BDP-140 CAN'T payback original DVD-A disks as it does not have the decryption keys! It's like connecting BD ROM drive to media player without BD license - it will playback home made BD disks but not commercial as it would not have the decryption keys for them. The same with DVD-A on BDP-140 - it will playback non-commercial DVD-A or DVD-A with removed keys. I would not say how to do that as it's grey area... You need BDP-450 with full DVD-A license for DVD-A

Prior to this I could play commercial DVD-A without any issues? I have a collection of about a dozen, and that was the reason I bought this model in the first place. And according to the manual (http://www.pioneerelectronics.ca/StaticFiles/Manuals/Home/BDP-140_OperatingInstructions092011.pdf) pg 8, DVD-A is playable.

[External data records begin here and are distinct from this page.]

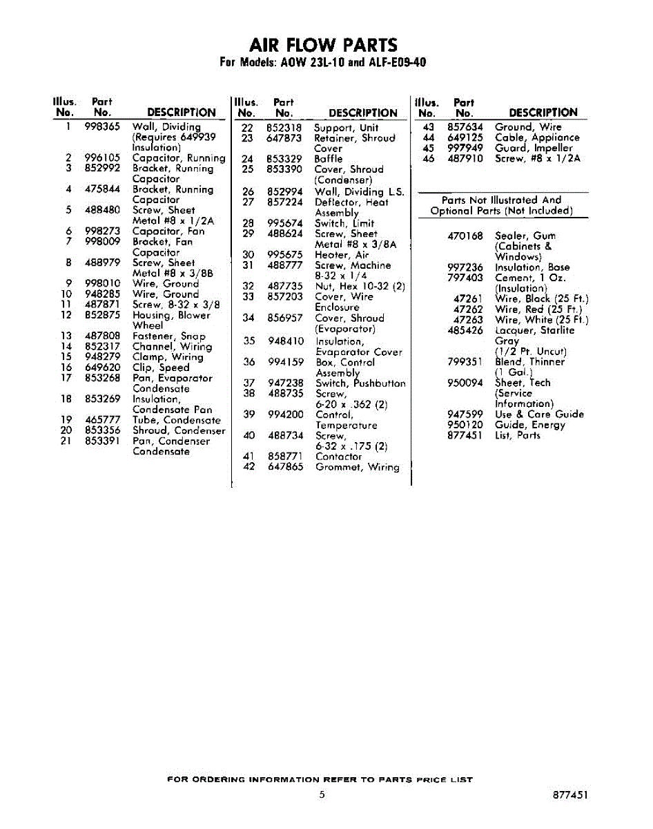 Parts for Whirlpool ALFE0940: 05 - Lit / Optional Parts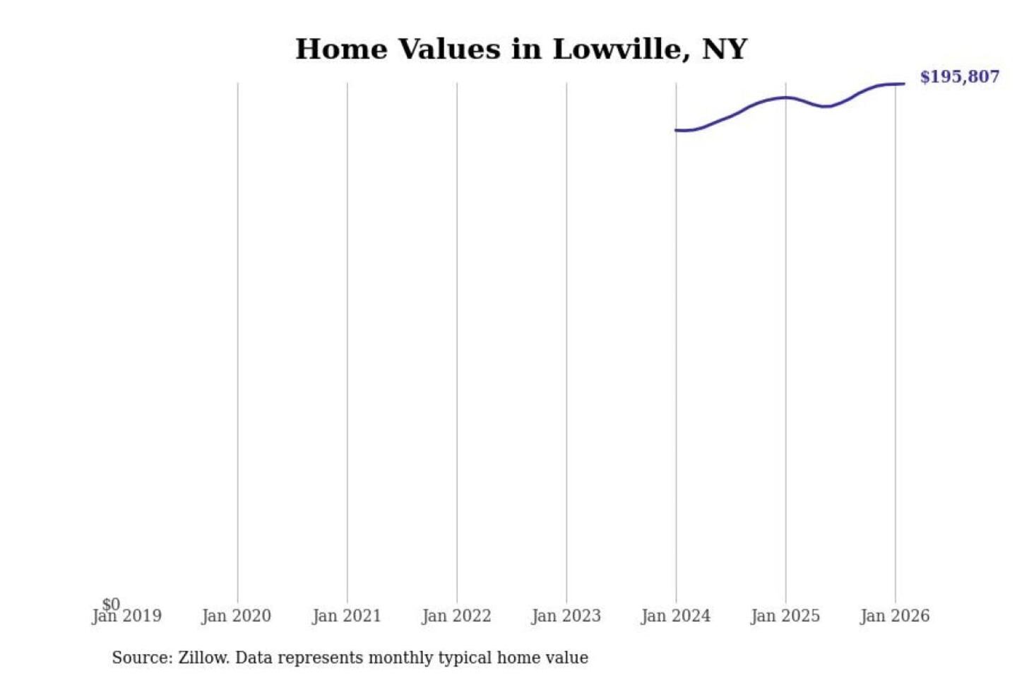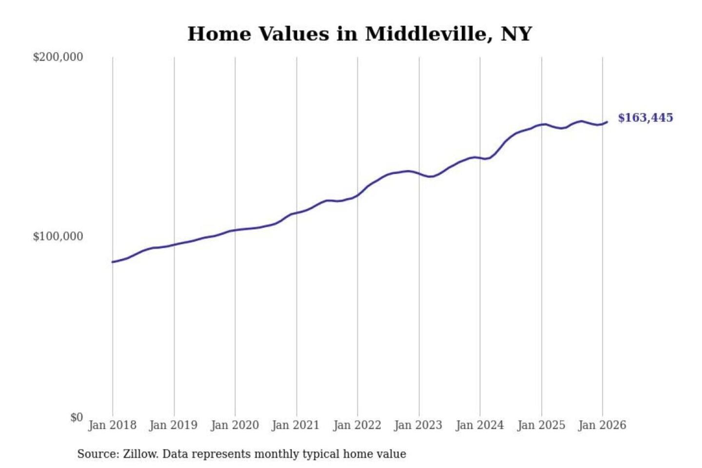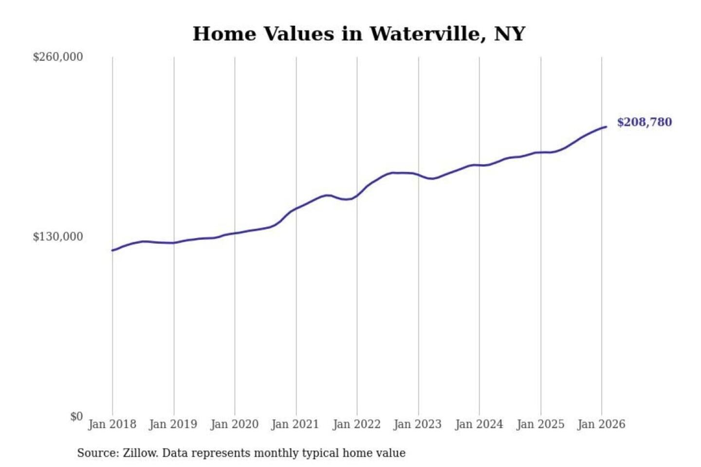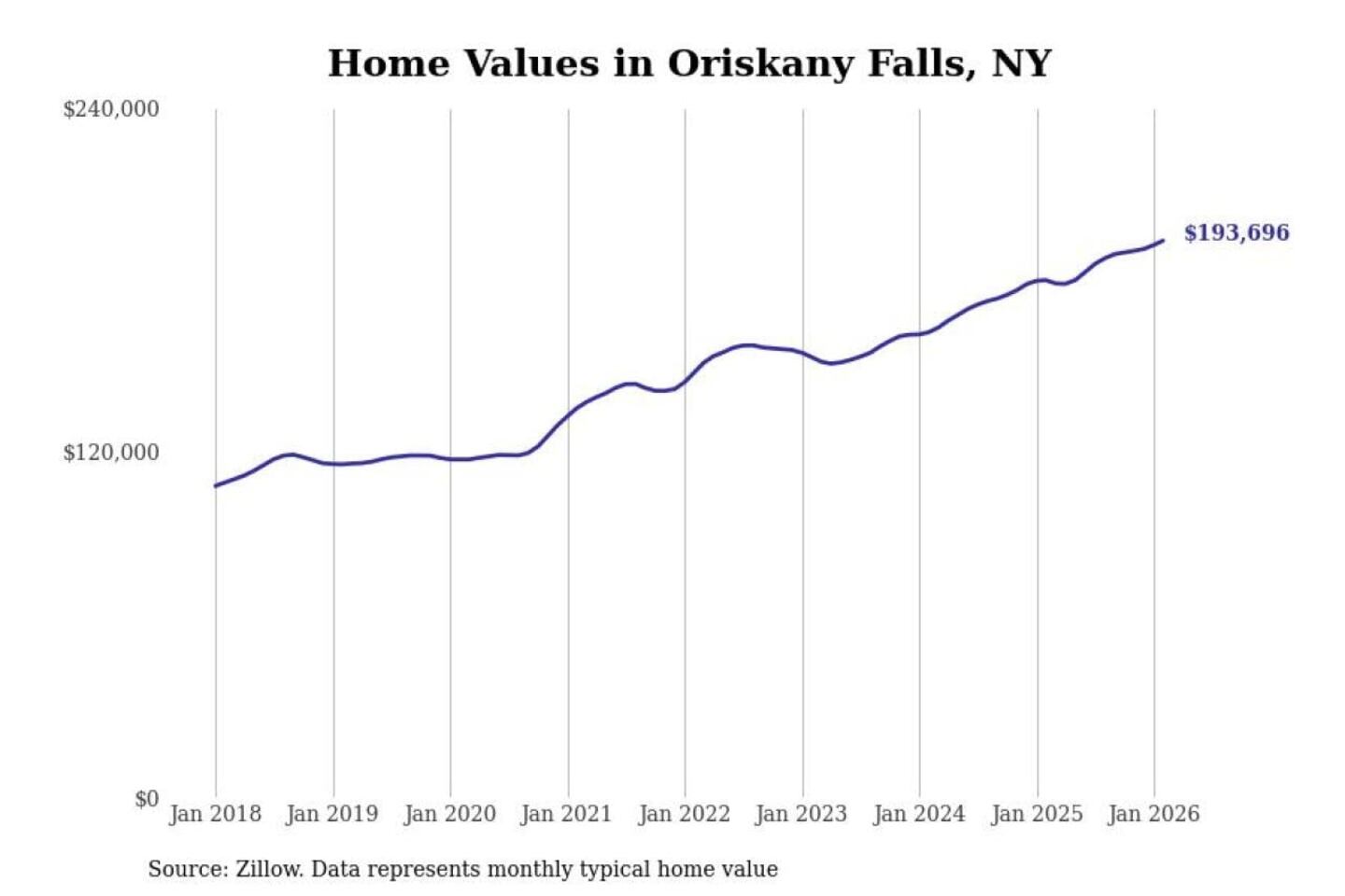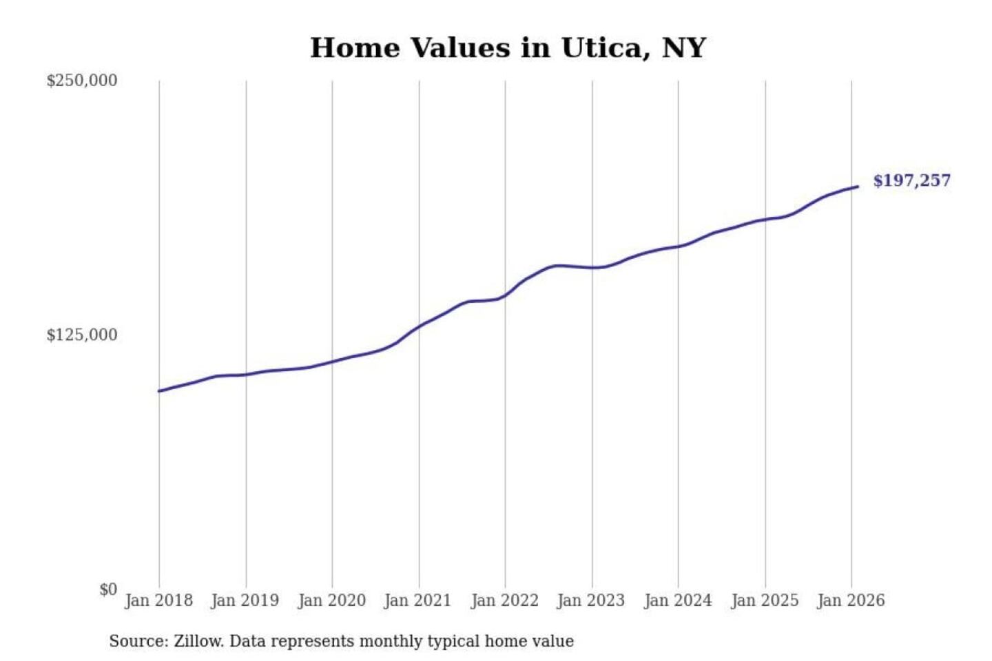 Stacker compiled a list of cities with the most expensive homes in the Utica-Rome, NY metro area using data from Zillow. Charts show the monthly typical home value since January 2018.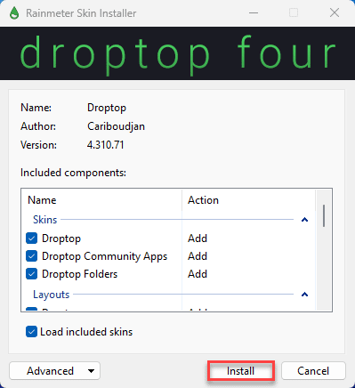 Télécharger Droptop (barre macOS pour Windows)Cliquez alors sur « Install » pour lancer l’installation du skin.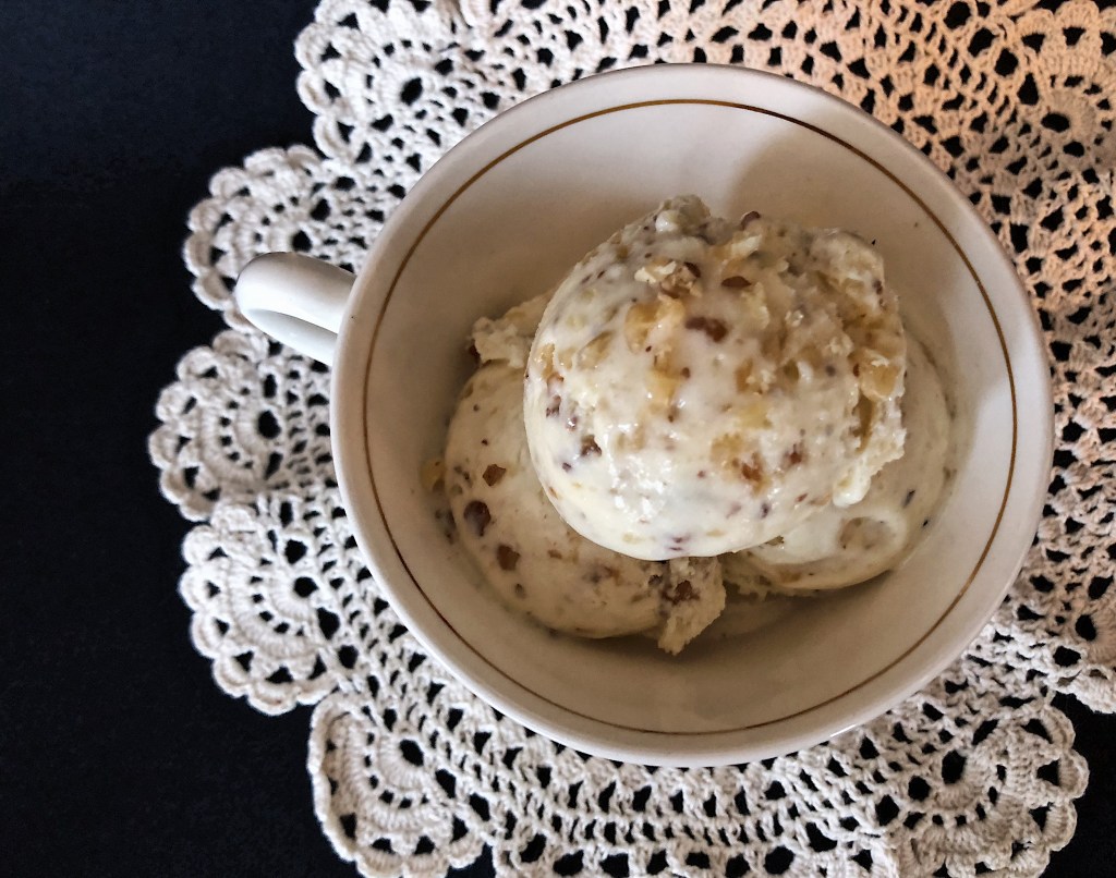 This ice cream really is delicious. It is very rich and very sweet, but I do like the walnut flavor a lot. I was also surprised by how soft and creamy the texture is, especially when done entirely by hand! It is also worth noting that this could technically be considered a frozen custard by modern FDA standards, not “ice cream.”

Is there anyway I can roll back the firmware? I feel stupid for messing with it now. frown.gif
Edited by D4ne - 5/28/13 at 6:29am
post #1713 of 1810
I don't know how you could play commercial protected DVD-A on a player which did not support DVD-A. The manual is misleading as it refers to BDP-440 model as well. it also states that MKV is only supported to 720p which is not true. It's limited by profile which should be below 5 and it supports full HD 1080p MKV with profile 4.1.
On page 32 there is a table which gives you better idea what this player supports. On the top of the table it does have ref to DVD-A -2 and if you have a look under the table - it's BDP-440 which is true.
You can roll back to the original FW but it will never help with DVD-A. Even worse - you will loose the ability to play back unprotected DVD-A. Have a look at the original specs yourself http://www.pioneer.eu/uk/products/archive/BDP-140/page.html - I can't see DVD-A
And have a look at the BDP-440 specs which clearly states DVD-A support!
http://www.pioneer.eu/uk/products/archive/BDP-440/page.html
Good luck and don't roll back!
post #1714 of 1810
Up until yesterday I was playing & enjoying my entire DVD-A collection...so I'm not sure why!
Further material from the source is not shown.